**Work order:** Your answer must consist of exactly the lines below, starting with the line with "Impulse Cantilever Straight" and going on through the line with "Palm Communities (a", and nothing else.

(Items from a data source)
►

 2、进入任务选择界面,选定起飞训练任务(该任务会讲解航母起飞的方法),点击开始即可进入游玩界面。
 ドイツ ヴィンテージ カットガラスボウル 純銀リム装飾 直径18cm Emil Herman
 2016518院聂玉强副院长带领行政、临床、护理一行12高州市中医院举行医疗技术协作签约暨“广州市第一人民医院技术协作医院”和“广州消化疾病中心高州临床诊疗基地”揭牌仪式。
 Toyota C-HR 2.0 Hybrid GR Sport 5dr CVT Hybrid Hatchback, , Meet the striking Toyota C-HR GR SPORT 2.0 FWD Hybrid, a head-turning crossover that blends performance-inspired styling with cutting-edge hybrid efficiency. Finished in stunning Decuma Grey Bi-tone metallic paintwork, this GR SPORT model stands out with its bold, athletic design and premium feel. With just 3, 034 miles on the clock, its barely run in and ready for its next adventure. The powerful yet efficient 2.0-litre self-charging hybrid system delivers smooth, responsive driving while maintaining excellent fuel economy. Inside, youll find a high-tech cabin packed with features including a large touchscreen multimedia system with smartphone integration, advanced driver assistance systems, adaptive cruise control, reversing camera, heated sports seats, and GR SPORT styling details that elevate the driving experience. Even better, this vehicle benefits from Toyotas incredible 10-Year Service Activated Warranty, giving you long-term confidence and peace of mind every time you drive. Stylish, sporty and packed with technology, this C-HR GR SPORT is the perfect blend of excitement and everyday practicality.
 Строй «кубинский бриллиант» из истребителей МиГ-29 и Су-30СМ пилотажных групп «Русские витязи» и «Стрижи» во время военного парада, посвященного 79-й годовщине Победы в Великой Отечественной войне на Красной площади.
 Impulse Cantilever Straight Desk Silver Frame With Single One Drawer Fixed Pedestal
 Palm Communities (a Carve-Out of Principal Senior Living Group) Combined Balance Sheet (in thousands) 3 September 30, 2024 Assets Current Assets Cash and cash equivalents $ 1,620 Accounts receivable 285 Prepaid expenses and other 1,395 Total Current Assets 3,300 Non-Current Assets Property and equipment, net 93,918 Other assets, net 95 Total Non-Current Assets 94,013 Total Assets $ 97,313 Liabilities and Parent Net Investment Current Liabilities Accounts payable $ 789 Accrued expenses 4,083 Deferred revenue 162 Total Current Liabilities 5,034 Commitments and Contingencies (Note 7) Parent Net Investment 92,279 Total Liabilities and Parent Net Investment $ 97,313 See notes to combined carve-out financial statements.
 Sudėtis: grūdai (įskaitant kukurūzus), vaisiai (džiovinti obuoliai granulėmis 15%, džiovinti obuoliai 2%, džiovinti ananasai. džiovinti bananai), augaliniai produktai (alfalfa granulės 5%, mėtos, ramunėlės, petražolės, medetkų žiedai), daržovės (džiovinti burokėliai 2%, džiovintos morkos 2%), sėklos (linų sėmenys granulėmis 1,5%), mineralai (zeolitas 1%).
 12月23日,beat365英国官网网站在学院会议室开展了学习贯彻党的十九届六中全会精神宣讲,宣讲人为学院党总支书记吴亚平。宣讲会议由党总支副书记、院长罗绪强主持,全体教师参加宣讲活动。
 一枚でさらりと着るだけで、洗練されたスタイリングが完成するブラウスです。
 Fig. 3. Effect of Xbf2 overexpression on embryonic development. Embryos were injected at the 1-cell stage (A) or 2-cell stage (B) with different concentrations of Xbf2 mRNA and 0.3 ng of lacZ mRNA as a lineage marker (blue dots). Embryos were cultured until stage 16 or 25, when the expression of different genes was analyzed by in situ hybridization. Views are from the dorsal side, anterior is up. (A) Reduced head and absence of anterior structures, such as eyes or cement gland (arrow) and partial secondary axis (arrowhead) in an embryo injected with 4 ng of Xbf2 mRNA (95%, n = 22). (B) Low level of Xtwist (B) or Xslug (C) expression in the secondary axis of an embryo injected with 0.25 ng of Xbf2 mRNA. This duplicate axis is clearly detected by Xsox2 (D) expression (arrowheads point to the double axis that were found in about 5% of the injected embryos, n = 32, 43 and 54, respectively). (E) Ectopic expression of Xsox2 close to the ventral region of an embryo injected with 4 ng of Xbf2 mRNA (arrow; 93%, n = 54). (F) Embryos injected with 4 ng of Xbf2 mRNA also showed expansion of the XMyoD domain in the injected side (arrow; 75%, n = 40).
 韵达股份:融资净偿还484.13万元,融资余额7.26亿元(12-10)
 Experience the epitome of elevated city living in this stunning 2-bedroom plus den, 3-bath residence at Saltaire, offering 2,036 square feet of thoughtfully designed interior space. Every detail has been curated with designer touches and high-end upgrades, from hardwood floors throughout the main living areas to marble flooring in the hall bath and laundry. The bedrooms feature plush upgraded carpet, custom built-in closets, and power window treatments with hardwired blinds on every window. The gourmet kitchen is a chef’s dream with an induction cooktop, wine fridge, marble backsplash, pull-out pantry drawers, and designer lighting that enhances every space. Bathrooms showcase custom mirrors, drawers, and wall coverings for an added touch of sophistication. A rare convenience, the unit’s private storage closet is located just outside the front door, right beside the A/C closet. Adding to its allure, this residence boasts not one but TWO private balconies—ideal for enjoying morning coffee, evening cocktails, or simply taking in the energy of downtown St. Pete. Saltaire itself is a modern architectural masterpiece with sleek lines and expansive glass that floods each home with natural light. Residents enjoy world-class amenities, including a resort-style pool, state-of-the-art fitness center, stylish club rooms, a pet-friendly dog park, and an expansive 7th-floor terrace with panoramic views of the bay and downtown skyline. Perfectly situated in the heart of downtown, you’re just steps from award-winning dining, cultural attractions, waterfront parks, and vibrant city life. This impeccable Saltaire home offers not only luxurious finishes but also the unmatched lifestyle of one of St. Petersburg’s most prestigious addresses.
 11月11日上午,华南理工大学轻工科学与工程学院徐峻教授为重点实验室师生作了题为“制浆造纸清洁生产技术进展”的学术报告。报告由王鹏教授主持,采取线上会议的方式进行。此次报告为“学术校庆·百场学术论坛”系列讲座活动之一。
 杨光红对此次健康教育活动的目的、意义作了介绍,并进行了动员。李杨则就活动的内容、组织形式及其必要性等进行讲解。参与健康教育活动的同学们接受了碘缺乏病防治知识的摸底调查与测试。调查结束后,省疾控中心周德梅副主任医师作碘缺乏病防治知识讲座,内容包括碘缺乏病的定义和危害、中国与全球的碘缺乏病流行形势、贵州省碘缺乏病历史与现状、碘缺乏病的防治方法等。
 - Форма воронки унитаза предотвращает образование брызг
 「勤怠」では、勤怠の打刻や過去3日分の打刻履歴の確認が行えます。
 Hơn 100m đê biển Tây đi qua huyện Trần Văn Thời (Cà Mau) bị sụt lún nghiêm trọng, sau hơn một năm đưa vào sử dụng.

◄

**Result of the exercise:**
 Impulse Cantilever Straight Desk Silver Frame With Single One Drawer Fixed Pedestal
 Palm Communities (a Carve-Out of Principal Senior Living Group) Combined Balance Sheet (in thousands) 3 September 30, 2024 Assets Current Assets Cash and cash equivalents $ 1,620 Accounts receivable 285 Prepaid expenses and other 1,395 Total Current Assets 3,300 Non-Current Assets Property and equipment, net 93,918 Other assets, net 95 Total Non-Current Assets 94,013 Total Assets $ 97,313 Liabilities and Parent Net Investment Current Liabilities Accounts payable $ 789 Accrued expenses 4,083 Deferred revenue 162 Total Current Liabilities 5,034 Commitments and Contingencies (Note 7) Parent Net Investment 92,279 Total Liabilities and Parent Net Investment $ 97,313 See notes to combined carve-out financial statements.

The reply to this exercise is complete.